Ah, the complexities of alphabetical lists got the better of me :-)
The Dr Who Christmas Special is quite good BTW.

Tribal Mind replies: "Quite good", yes, but not up to past Christmas specials, even when seen with snow outside the window.

  • by rob1966 on January 20, 2009 at 07:33 AM

Five minutes on Wikipedia gives the following info on Gambit, Sabretooth, Deadpool, the Beak and The Blob.
A mutant, Gambit possesses the ability to manipulate kinetic energy. A professional thief and self-described ladies man.
Sabretooth is a mutant who possesses bestial superhuman physical abilities, most notably a rapid healing factor, razor-sharp fangs and claws, and superhuman senses. He is a vicious assassin responsible for numerous deaths both as a paid mercenary and for his personal pleasure.
Nicknamed the "Merc with a Mouth", Deadpool is a high-tech mercenary known for his wisecracks, black comedy, and satirical pop-culture references. After Weapon X cured his terminal cancer by implementing a regenerative "healing factor" extracted from Wolverine, Deadpool is left disfigured and mentally unstable.
Beak started developing his powers at puberty. His body changed into that of a humanoid-bird form, with a beaked face, bulbous eyes, wing-like arms that give him the ability to fly (albeit clumsily), talons on his hands and feet, and double-jointed knees. He also possesses heightened agility, and he may possess heightened senses and a lighter skeletal structure.
A mutant, the Blob claims to be unmovable.
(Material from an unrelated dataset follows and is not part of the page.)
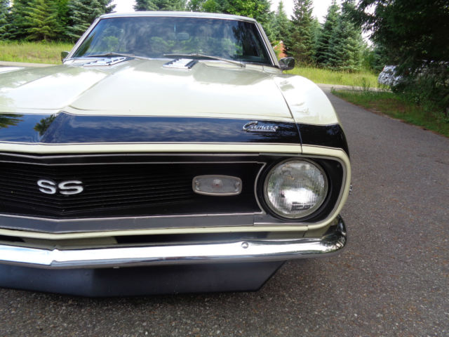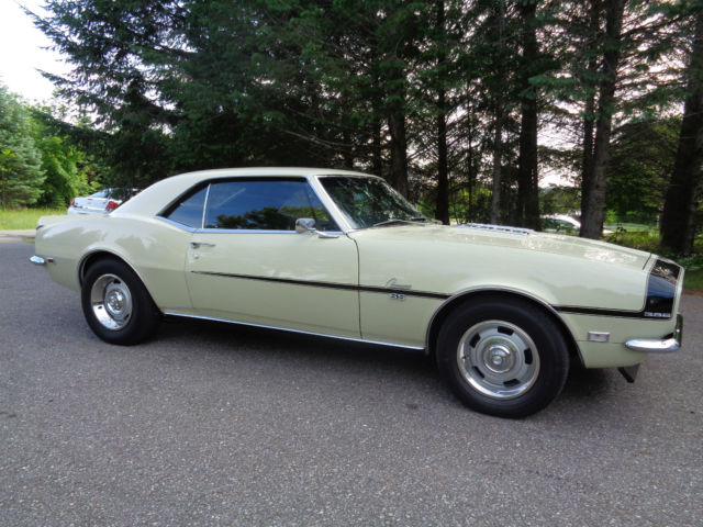 1968 CAMARO SS 396... FACTORYSS 396 BIG BLOCK CAR . THE BLOCK IS PERIOD CORRECT, HE CAR WAS BORN WITHA 396 4 SPEED, nbsp;IT HAS A AUTOMATIC NOW. I DO HAVE THE MUNCIE 4 SPEED, nbsp;NOT SURE IF ITS THE ONE THAT CAME WITH THE CAR ORIGINALLY. THE CAR STILL HAD THE CLUTCH PETAL (removed) AND THE SMALL BRAKE PEDAL STILL ON THE CAR. IT HAS THE ORIGINAL 12 BOLT POSI3.73,POWER STEERING AND POWER FRONT DISC BRAKES, RIGINAL EXHAUST MANIFOLDS. IT REALLY SOUND AND RUNS VERY WELL. THEDELUXE INTERIOR IS VERY NICE ALONGWITH THE CARPET, nbsp;DOOR PANELS, DASH PAD, nbsp;HEADLINER. THE INTERIOR IS EXCEPTIONAL. IT DOES HAVE THE FACTORY TAC AND CENTER CONSOLE WITH GAUGES. EVERYTHING WORKS, OURTESY LIGHTS, ASH LIGHTS, ONSOLE LIGHTS, AUGE LIGHTS, nbsp;EVEN THE DOOR BUZZER WORKS. THE EXTERIOR COLORIS VERY RARE!! PALOMINO IVORY,LESS THAN 1% (.08%) WERE PRODUCED. ALL THE BODY LINES AND GAPS ARE GREAT, LL THEPANELS ARE STRAIGHT WITH NO RUST OR PAINT PROBLEMS. THE FLOORS ARE SOLID ( see pictures) THE TRUNK IS ALSO SOLID. THE FACTORY 15" RALLY WHEELS AND TIRESARE EXCELLENT. ALL THE CHROME IS EXCEPTIONAL. THIS CAR IS NICER THAN A DRIVER. IT RUNS, RIVES AND SHIFTS NICE...IF YOU HAVE ANY QUESTIONS YOU MAY CALL 231-330-2079 OR EMAIL ME. THANK YOU...

He possesses an extreme amount of pliable body mass, which grants him superhuman strength and his own gravitational pull.
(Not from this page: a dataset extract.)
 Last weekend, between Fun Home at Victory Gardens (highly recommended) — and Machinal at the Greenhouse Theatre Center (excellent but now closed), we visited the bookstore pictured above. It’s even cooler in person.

  • by Andy on January 20, 2009 at 08:05 AM

"Tribal Mind asks: What do they do then?"
I have no idea what they *do*, but I believe the word "mutant" is better than "shapeshifter" for the X-Men.
I too am looking forward to the movie of The Watchmen; and the new Star Trek movie. Everything above sounds fabulous (it does make 2009 sound like a year worth living!), but nothing quite zinged onto my radar like those two.
And I've been waiting for Dollhouse for so long, it feels like a 2007 wishlist item... At least I got to watch Dr Horrible's Sing-A-Long Blog over the weekend and get a bit of a Whedon fix that way. Just left me wanting more...
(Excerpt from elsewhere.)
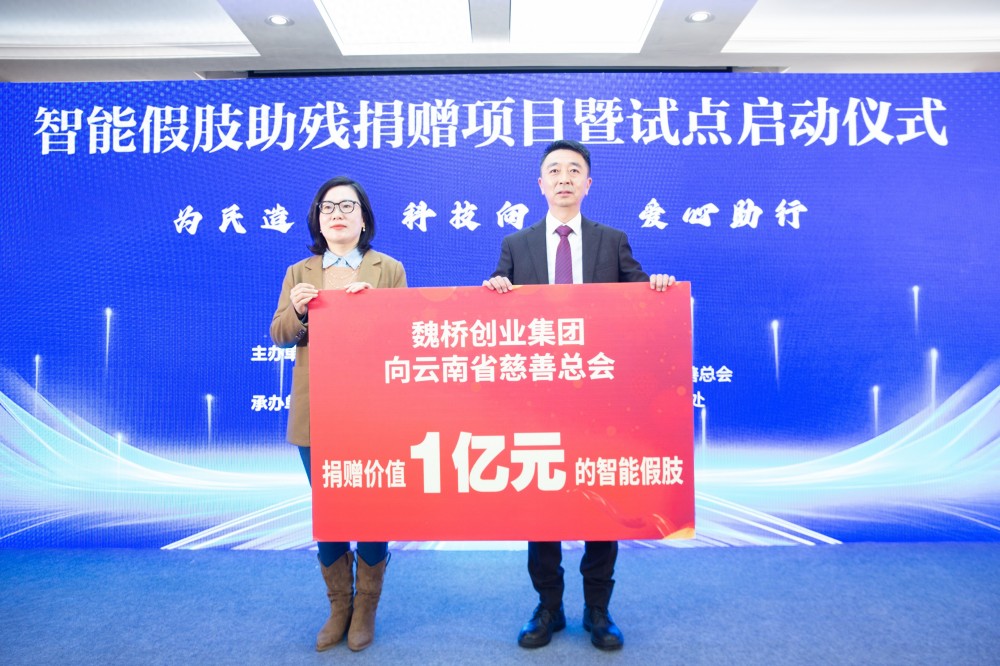 此次活动中,魏桥创业集团向云南省慈善总会捐赠价值1亿元的智能假肢,将惠及全省2000名肢残群众,帮助他们重建肢体功能,更好地融入社会、实现就业。云南省人大常委会副主任、省慈善总会会长王树芬,省民政厅、省残联相关领导,魏桥创业集团代表及受助对象代表共同见证这一时刻。

  • by tqd on January 20, 2009 at 10:18 AM

True Blood is one of the best show to come out in many year!
http://truebloodnet.com
by redfirewood on January 19, 2009 at 05:48 AM
Yes, yes, yes!! It is definitely one of the best shows made this year, if not the best, although its tendency to wander over into soft porn on occasion means it's not for everyone.
There is so much to it in terms of characterisation, plotting, subtext, atmosphere, acting and cinematography that I couldn't pull out one main reason why I like it so much.
I've dubbed it the anti-Twilight.

  • by genfie on January 20, 2009 at 03:12 PM

The two programs I'm really desperate to see are the second season of In Treatment, and the last episodes of Battlestar Galactica.
Lots of great programs to look forward to in 2009, but not much worth watching on FTA.

  • by Sal on January 22, 2009 at 03:00 PM

I'm dizzy with delight!
A Battlestar Galactica marathon is on next Saturday on Fox, with the first 12 episodes of season 4 during the day, followed at 9pm by the most recent episode just shown in America ("fast-tracked").